FasterRCNN models with single channel input (surprisingly?) work

I’ve been using the pre-trained FasterRCNNResnet50FPN model for object detection and noticed a behavior that was unexpected (at least to me). If one inferences with a single channel image (e.g. grayscale) the normalization process subtracts a 3-channel mean (RGB) and the result is a 3-channel tensor–so inference works (because the ResNet50 backbone expects a 3-channel input). I understand that the way Python broadcasts arrays (tensors) is what causes the shape to be altered in this way. For reference, it is this line that causes the reshaping.

My question is: is this reshaping expected behavior? I mean that in the sense of, if I input a grayscale image, would I expect the model to implicitly make it RGB (by duplicating channels and subtracting the RGB mean)? or should I expect the model to just “crash” (and complain that the input shape is not correct)? Or at least provide a warning–that an input shape was implicitly resized?
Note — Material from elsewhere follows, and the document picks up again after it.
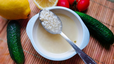 Рис использовала бурый. Мята у меня была только сушеная, её и добавила.
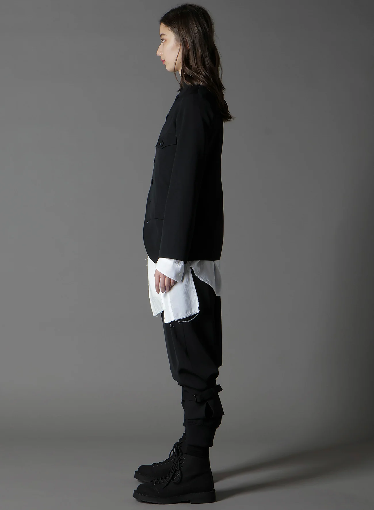 A military-style, short-standing collar jacket offering versatile styling by adjusting its collar buttons. Made with Yohji Yamamoto's signature wool gabardine, it exudes a refined, glossy look using strong-twist wool. The jacketās unique washer finish adds texture to the fabric.

I personally am a big fan of loud and proper error messages, which would also be raised in case you are using the torchvision.transforms.Normalize transformation, since it’s using an inplace op as seen here.
I’m unsure why the detection.transform implementation doesn’t use torchvision.transforms.functional.normalize to get the same behavior and avoid code duplication, but it might have been used exactly to add this type of “flexibility” so that users are able to pass grayscale images.

CC @fmassa is my speculation correct or should these transformations be rather “unified”?